On Mon, Nov 22, 2021 at 09:40:52PM +0100, Nicolas Saenz Julienne wrote:
> Hi Marc, thanks for the review.
> 
> On Fri, 2021-11-19 at 12:17 +0000, Marc Zyngier wrote:
> > On Fri, 19 Nov 2021 10:21:18 +0000,
> > Nicolas Saenz Julienne <nsaenzju at redhat.com> wrote:
> > > 
> > > While using cntvct as the raw clock for tracing, it's possible to
> > > synchronize host/guest traces just by knowing the virtual offset applied
> > > to the guest's virtual counter.
> > > 
> > > This is also the case on x86 when TSC is available. The offset is
> > > exposed in debugfs as 'tsc-offset' on a per vcpu basis. So let's
> > > implement the same for arm64.
> > 
> > How does this work with NV, where the guest hypervisor is in control
> > of the virtual offset? 
> 
> TBH I handn't thought about NV. Looking at it from that angle, I now see my
> approach doesn't work on hosts that use CNTVCT (regardless of NV). Upon
> entering into a guest, we change CNTVOFF before the host is done with tracing,
> so traces like 'kvm_entry' will have weird timestamps. I was just lucky that
> the hosts I was testing with use CNTPCT.
> 
> I believe the solution would be to be able to force a 0 offset between
> guest/host. With that in mind, is there a reason why kvm_timer_vcpu_init()
> imposes a non-zero one by default? I checked out the commits that introduced
> that code, but couldn't find a compelling reason. VMMs can always change it
> through KVM_REG_ARM_TIMER_CNT afterwards.
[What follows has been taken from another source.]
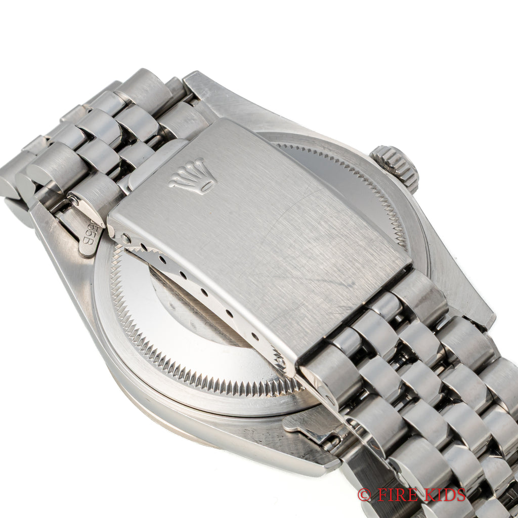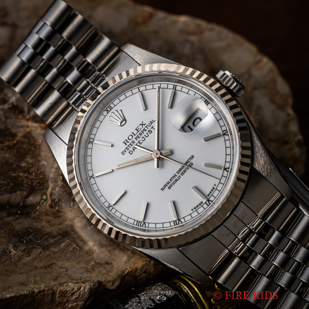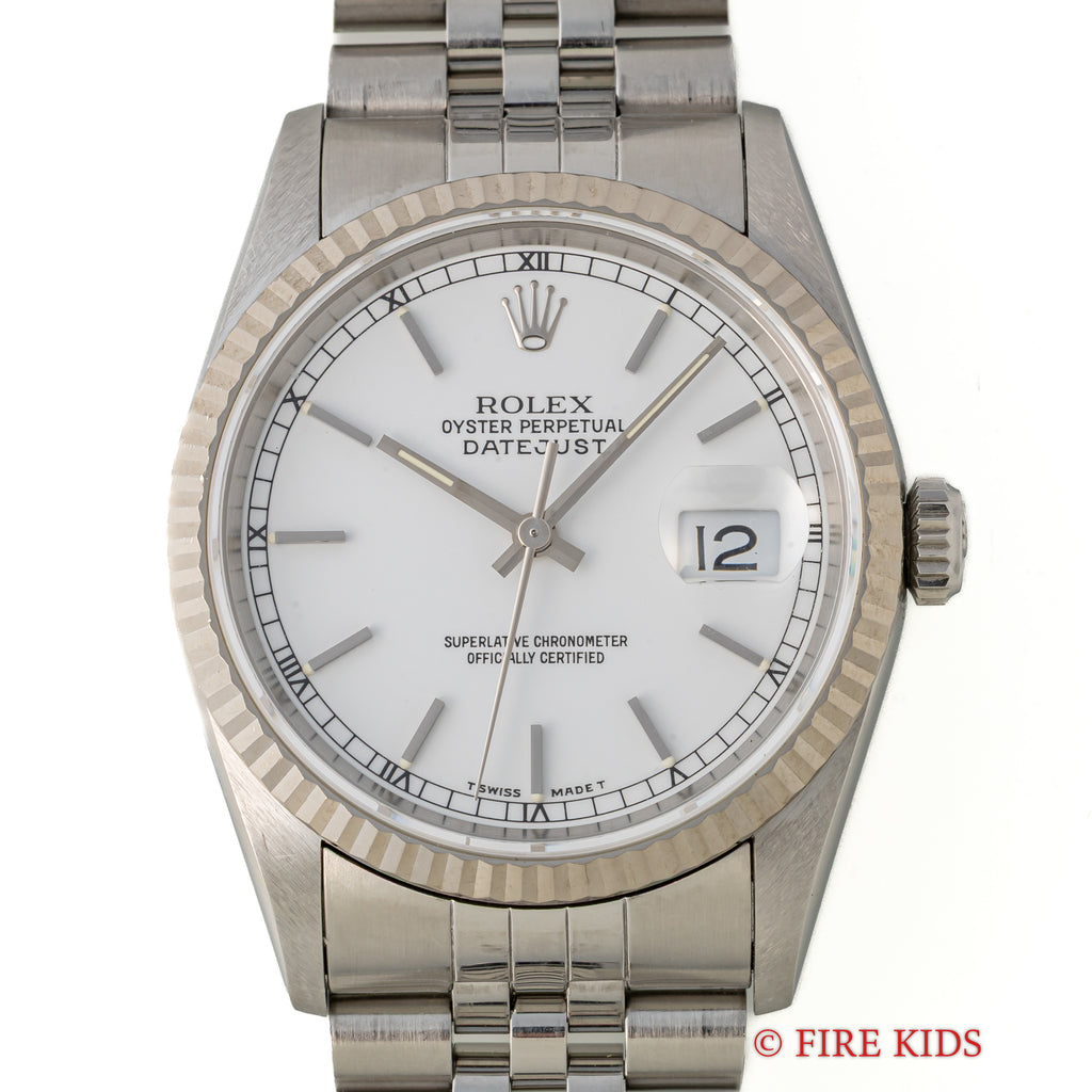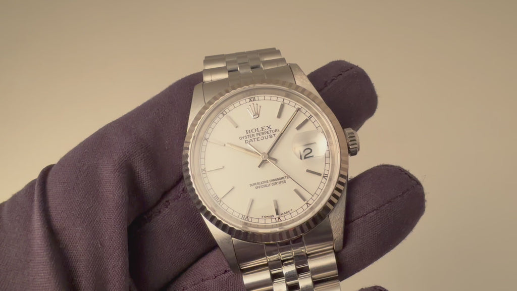 ロレックス デイトジャスト 1993年製 Ref.16234 ホワイトダイヤル使いやすい王道のステンレスモデルで文字盤は爽やかなホワイト文字盤にブラックレターで外周に小さくローマ数字が表記された上品な印象です。機械は完成度の高いCal.3135を搭載しております。手巻きや針回し、ねじ込みリューズの操作はスムースです。ベルトは純正ジュビリー62510H/FF555Bが取り付けてあります。手巻きや針回し、ねじ込みリューズの操作はスムースです。こちらは分解掃除済みです。

One reason is that you leak information from host to guest (the hosts
TSC value).

Another reason would be that you introduce a configuration which is 
different from the what the hardware has, which can in theory trigger
guest bugs.

> > I also wonder why we need this when userspace already has direct access to
> > that information without any extra kernel support (read the CNTVCT view of
> > the vcpu using the ONEREG API, subtract it from the host view of the counter,
> > job done).
> 
> Well IIUC, you're at the mercy of how long it takes to return from the ONEREG
> ioctl. The results will be skewed. For some workloads, where low latency is
> key, we really need high precision traces in the order of single digit us or
> even 100s of ns. I'm not sure you'll be able to get there with that approach.
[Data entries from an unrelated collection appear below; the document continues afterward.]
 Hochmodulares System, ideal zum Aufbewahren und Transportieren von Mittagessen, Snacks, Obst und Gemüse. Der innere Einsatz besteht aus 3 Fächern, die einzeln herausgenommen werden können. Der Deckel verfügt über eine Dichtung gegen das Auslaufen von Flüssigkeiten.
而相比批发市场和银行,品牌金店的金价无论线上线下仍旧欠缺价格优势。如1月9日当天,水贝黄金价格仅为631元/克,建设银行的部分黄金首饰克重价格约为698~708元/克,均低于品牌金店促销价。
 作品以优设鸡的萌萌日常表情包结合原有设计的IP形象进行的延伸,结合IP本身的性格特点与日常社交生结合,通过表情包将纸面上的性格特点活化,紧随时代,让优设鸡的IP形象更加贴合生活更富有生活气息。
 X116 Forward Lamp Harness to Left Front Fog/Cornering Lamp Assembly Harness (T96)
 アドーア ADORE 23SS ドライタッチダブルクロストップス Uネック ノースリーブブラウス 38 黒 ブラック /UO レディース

If the guest can read the host to guest HW clock offset already, it
could directly do the conversion.

> [...]
> 
> > > diff --git a/arch/arm64/kvm/debugfs.c b/arch/arm64/kvm/debugfs.c
> > > new file mode 100644
> > > index 000000000000..f0f5083ea8d4
> > > --- /dev/null
> > > +++ b/arch/arm64/kvm/debugfs.c
> > > @@ -0,0 +1,25 @@
> > > +// SPDX-License-Identifier: GPL-2.0-only
> > > +/*
> > > + * Copyright (C) 2021 Red Hat Inc.
> > > + */
> > > +
> > > +#include <linux/kvm_host.h>
> > > +#include <linux/debugfs.h>
> > > +
> > > +#include <kvm/arm_arch_timer.h>
> > > +
> > > +static int vcpu_get_cntv_offset(void *data, u64 *val)
> > > +{
> > > +	struct kvm_vcpu *vcpu = (struct kvm_vcpu *)data;
> > > +
> > > +	*val = timer_get_offset(vcpu_vtimer(vcpu));
> > > +
> > > +	return 0;
> > > +}
> > > +
> > > +DEFINE_SIMPLE_ATTRIBUTE(vcpu_cntvoff_fops, vcpu_get_cntv_offset, NULL, "%lld\n");
> > > +
> > > +void kvm_arch_create_vcpu_debugfs(struct kvm_vcpu *vcpu, struct dentry *debugfs_dentry)
> > > +{
> > > +	debugfs_create_file("cntvoff", 0444, debugfs_dentry, vcpu, &vcpu_cntvoff_fops);
> > > +}
> > 
> > This should be left in arch_timer.c until we actually need it for
> > multiple subsystems. When (and if) that happens, we will expose
> > per-subsystem debugfs initialisers instead of exposing the guts of the
> > timer code.
> 
> Noted.
> 
> -- 
> Nicolás Sáenz
> 
>